### What the task requires
The reply should contain every entry exactly as given, with no pictures in it.

________________________________________

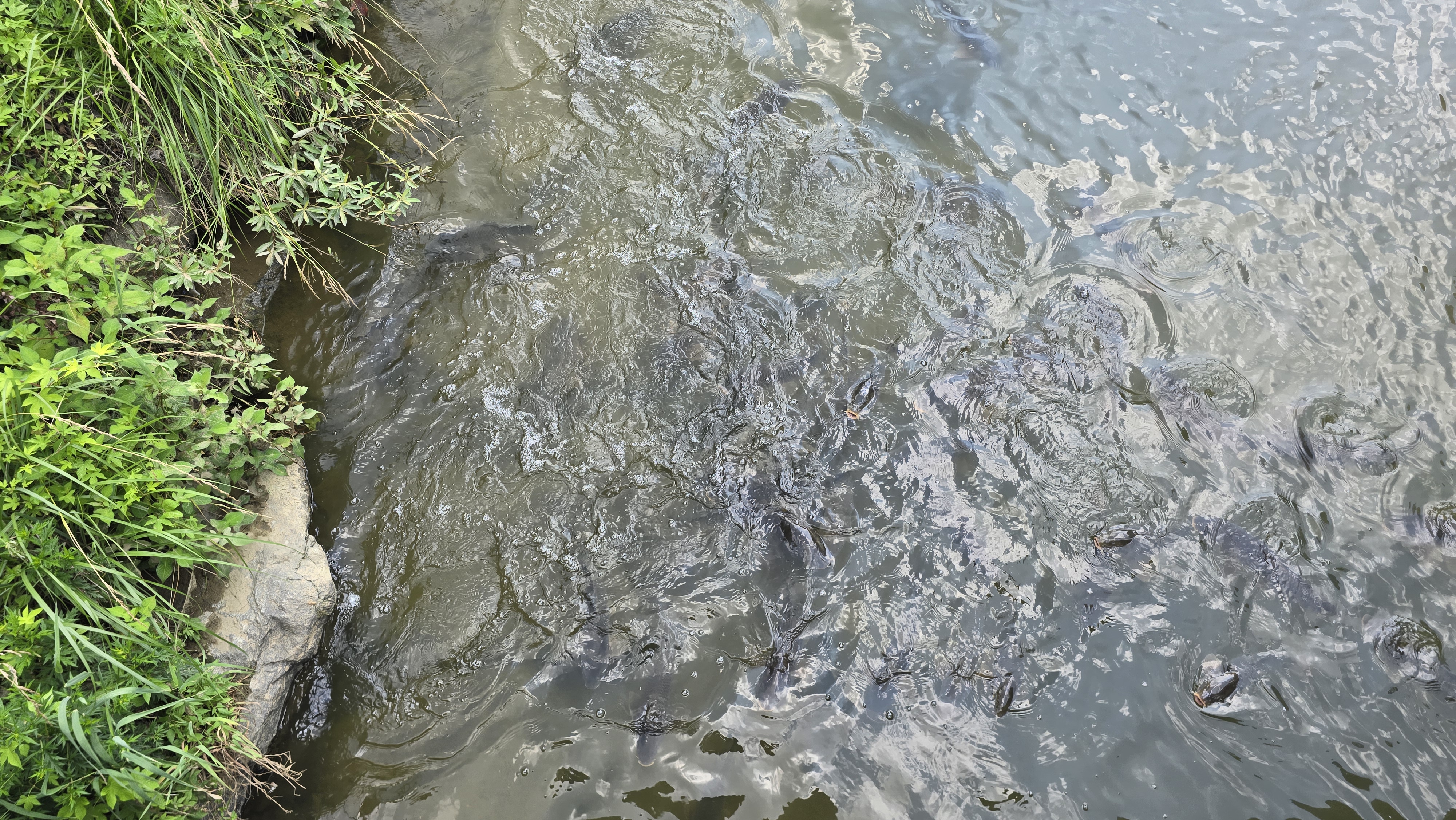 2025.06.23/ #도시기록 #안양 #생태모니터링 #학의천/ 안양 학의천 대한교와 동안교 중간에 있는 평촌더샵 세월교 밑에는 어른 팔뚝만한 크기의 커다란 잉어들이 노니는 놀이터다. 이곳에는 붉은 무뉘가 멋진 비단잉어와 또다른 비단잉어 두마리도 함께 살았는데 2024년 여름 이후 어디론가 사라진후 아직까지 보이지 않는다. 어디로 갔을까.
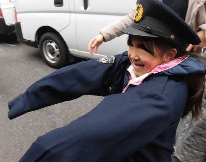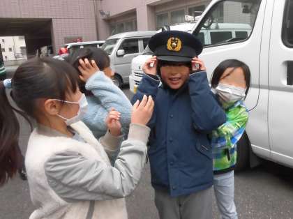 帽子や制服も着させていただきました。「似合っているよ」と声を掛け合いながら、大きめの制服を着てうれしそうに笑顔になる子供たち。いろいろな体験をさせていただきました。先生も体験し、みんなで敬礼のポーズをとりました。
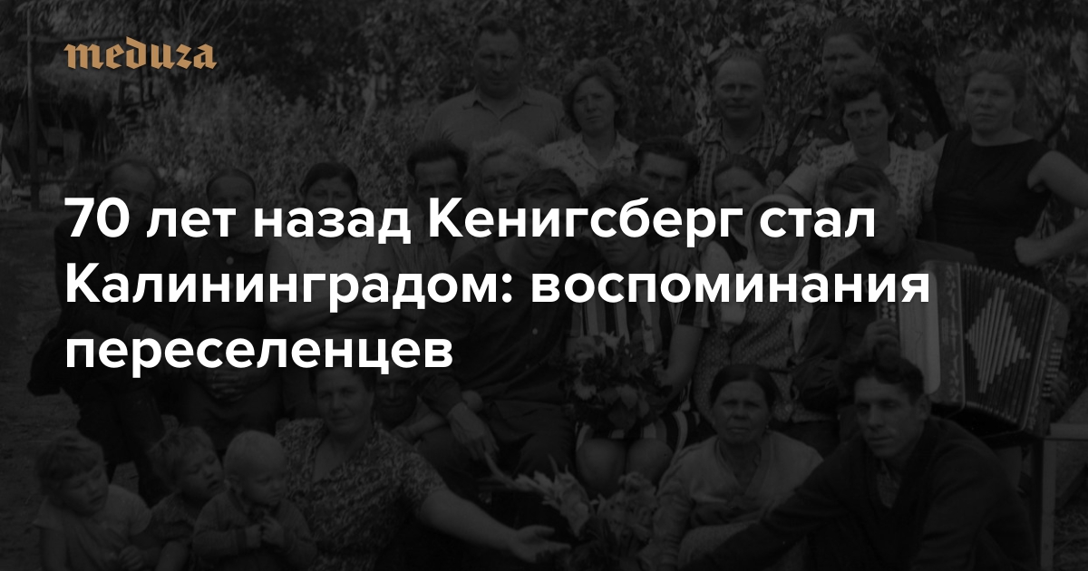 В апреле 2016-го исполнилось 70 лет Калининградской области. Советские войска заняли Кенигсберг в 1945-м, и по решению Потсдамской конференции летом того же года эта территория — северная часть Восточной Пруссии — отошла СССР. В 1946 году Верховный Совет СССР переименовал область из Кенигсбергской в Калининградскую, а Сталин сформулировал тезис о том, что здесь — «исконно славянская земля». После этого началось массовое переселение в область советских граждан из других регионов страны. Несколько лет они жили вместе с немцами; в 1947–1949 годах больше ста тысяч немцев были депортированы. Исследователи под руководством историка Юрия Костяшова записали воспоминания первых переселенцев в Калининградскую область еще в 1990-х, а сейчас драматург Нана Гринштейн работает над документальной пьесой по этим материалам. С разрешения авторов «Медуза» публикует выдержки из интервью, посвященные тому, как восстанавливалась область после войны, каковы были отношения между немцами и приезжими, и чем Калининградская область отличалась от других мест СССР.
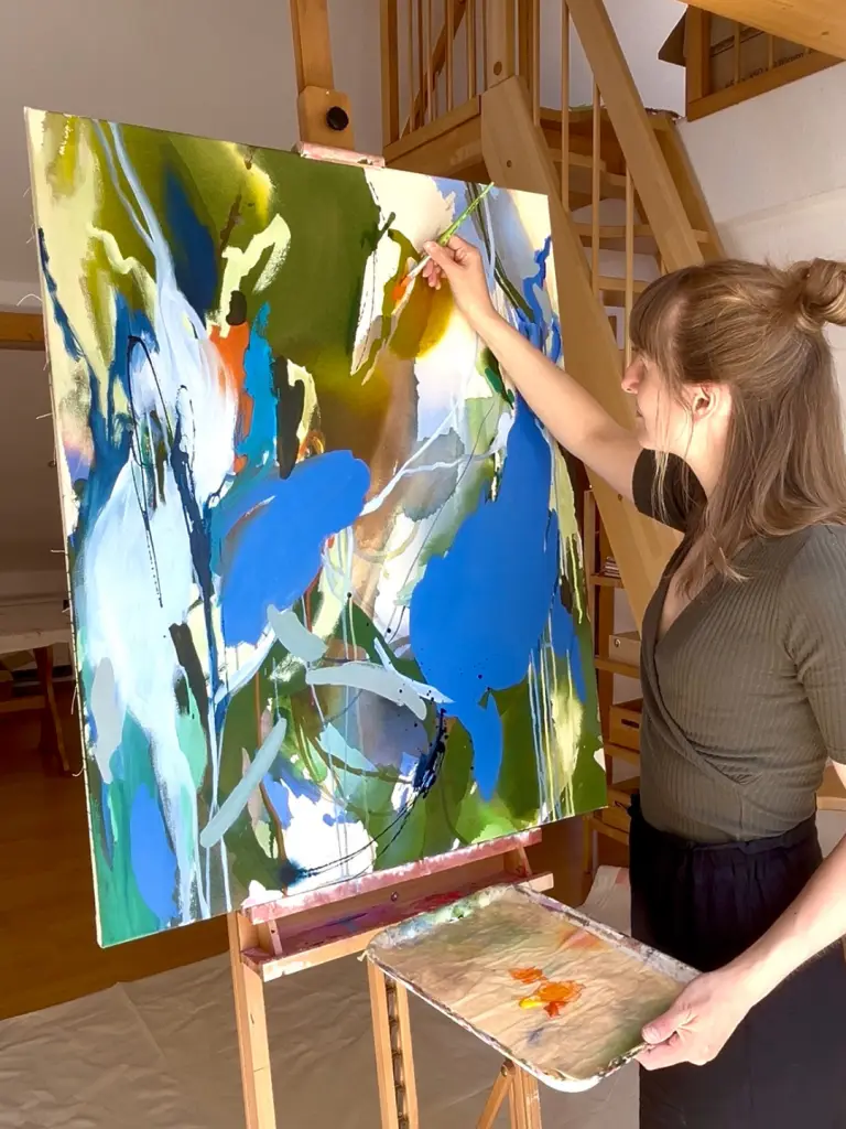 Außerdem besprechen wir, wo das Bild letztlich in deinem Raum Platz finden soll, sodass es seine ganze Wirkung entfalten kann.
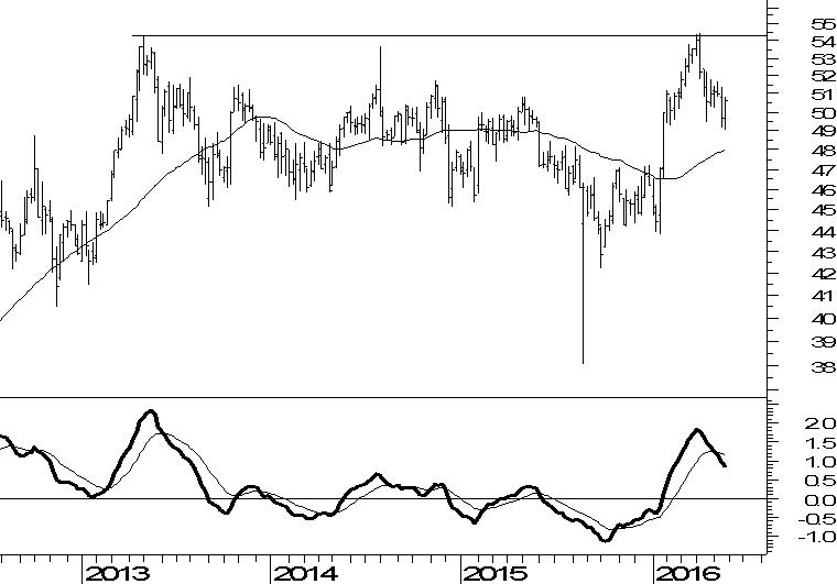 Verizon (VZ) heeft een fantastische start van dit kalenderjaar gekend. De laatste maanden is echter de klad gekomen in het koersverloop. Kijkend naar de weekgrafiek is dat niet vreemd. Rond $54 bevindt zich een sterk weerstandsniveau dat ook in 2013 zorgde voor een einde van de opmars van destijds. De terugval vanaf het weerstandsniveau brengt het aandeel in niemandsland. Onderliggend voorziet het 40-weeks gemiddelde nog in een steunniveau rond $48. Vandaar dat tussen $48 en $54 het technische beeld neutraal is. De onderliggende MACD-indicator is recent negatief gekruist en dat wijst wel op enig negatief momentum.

________________________________________

### Solution
 2025.06.23/ #도시기록 #안양 #생태모니터링 #학의천/ 안양 학의천 대한교와 동안교 중간에 있는 평촌더샵 세월교 밑에는 어른 팔뚝만한 크기의 커다란 잉어들이 노니는 놀이터다. 이곳에는 붉은 무뉘가 멋진 비단잉어와 또다른 비단잉어 두마리도 함께 살았는데 2024년 여름 이후 어디론가 사라진후 아직까지 보이지 않는다. 어디로 갔을까.
 帽子や制服も着させていただきました。「似合っているよ」と声を掛け合いながら、大きめの制服を着てうれしそうに笑顔になる子供たち。いろいろな体験をさせていただきました。先生も体験し、みんなで敬礼のポーズをとりました。
 В апреле 2016-го исполнилось 70 лет Калининградской области. Советские войска заняли Кенигсберг в 1945-м, и по решению Потсдамской конференции летом того же года эта территория — северная часть Восточной Пруссии — отошла СССР. В 1946 году Верховный Совет СССР переименовал область из Кенигсбергской в Калининградскую, а Сталин сформулировал тезис о том, что здесь — «исконно славянская земля». После этого началось массовое переселение в область советских граждан из других регионов страны. Несколько лет они жили вместе с немцами; в 1947–1949 годах больше ста тысяч немцев были депортированы. Исследователи под руководством историка Юрия Костяшова записали воспоминания первых переселенцев в Калининградскую область еще в 1990-х, а сейчас драматург Нана Гринштейн работает над документальной пьесой по этим материалам. С разрешения авторов «Медуза» публикует выдержки из интервью, посвященные тому, как восстанавливалась область после войны, каковы были отношения между немцами и приезжими, и чем Калининградская область отличалась от других мест СССР.
 Außerdem besprechen wir, wo das Bild letztlich in deinem Raum Platz finden soll, sodass es seine ganze Wirkung entfalten kann.
 Verizon (VZ) heeft een fantastische start van dit kalenderjaar gekend. De laatste maanden is echter de klad gekomen in het koersverloop. Kijkend naar de weekgrafiek is dat niet vreemd. Rond $54 bevindt zich een sterk weerstandsniveau dat ook in 2013 zorgde voor een einde van de opmars van destijds. De terugval vanaf het weerstandsniveau brengt het aandeel in niemandsland. Onderliggend voorziet het 40-weeks gemiddelde nog in een steunniveau rond $48. Vandaar dat tussen $48 en $54 het technische beeld neutraal is. De onderliggende MACD-indicator is recent negatief gekruist en dat wijst wel op enig negatief momentum.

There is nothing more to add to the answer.